I find Fritzing very functional for Arduino-based prototyping.
I see that it misses STM32 related parts.
In the preinstalled library of Fritzing 0.9.6 2021-02-21(Ubuntu, flaptak) I see that only Nucleo-64 exists, it is named STM32_Nucleo_board.fzp.
I see a draft of Nucleo-144 at NUCLEO Card H755ZI-Q (MB1363 reference board). @daiman, do you have any updates on the model?
Also I see a good variant of Nucleo-32 at GitHub .
Do we have somewhere stable and verified fzp/fzpz model files for Nucleo-144, MB1137 reference board?
It doesn’t appear so. As noted in the post the Carte NUCLEO H755ZI-Q.fzpz isn’t actually a Fritzing part as it lacks the connectors. It is possible to turn it in to a Fritzing part if there is interest however.
Here is a part for the Nucleo-144, MB1137. PCB only has the breakout pads (not the connectors) and some of the pin names may be wrong depending on what your solder bridges/jumpers are set to.
It is fantastic. Gigantic work done. Thanks!
I miss Arduino (middle headers) on PCB, but they will make Schematic not usable.
Not sure what is better - to have breakout pads (as you already done) and/or to have Arduino connectors added.

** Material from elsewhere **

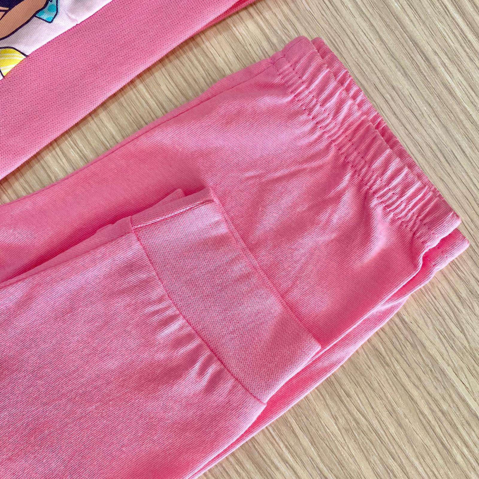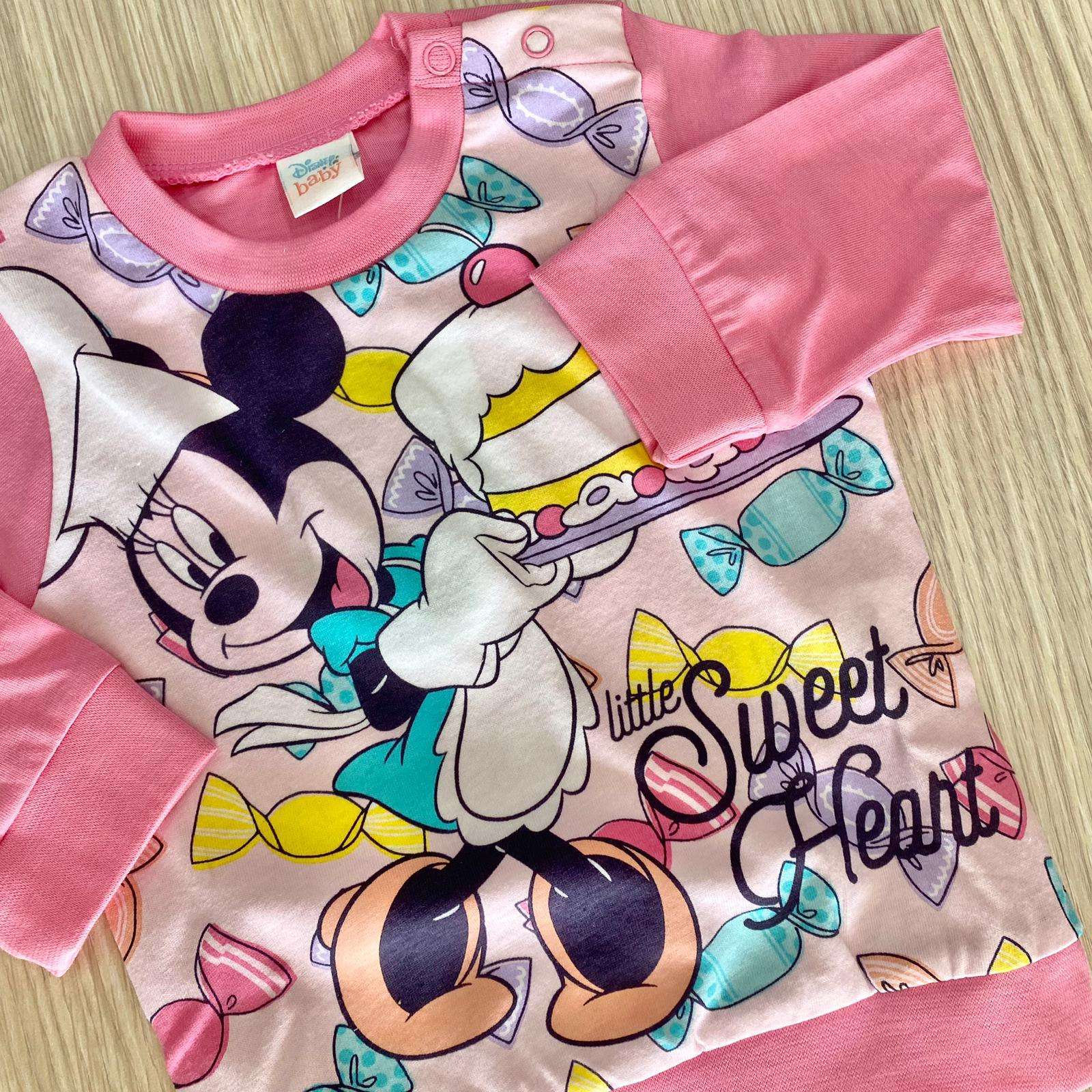 Pigiama due pezzi bambina in cotone, di colore rosa, con stampa Minnie di vari colori. 6 Mesi: 68 cm. 9 Mesi: 74 cm. 100% Cotone.

In breadboard and schematic all connectors are present, including the Arduino ones (that is why it is so large), it isn’t a problem to add the Arduino connectors to pcb, they just didn’t appear to be useful there. You could (although I’m not sure why you would want to) attach the board to a pcb via the breakout connectors, as they are pads without connectors and you could solder headers in to them to attach the board to the pcb (I almost suppressed pcb completely but for that projected use!) You can’t do that with the Arduino pins because they are in female headers, you would have to desolder the connectors and that seems unlikely to be successful.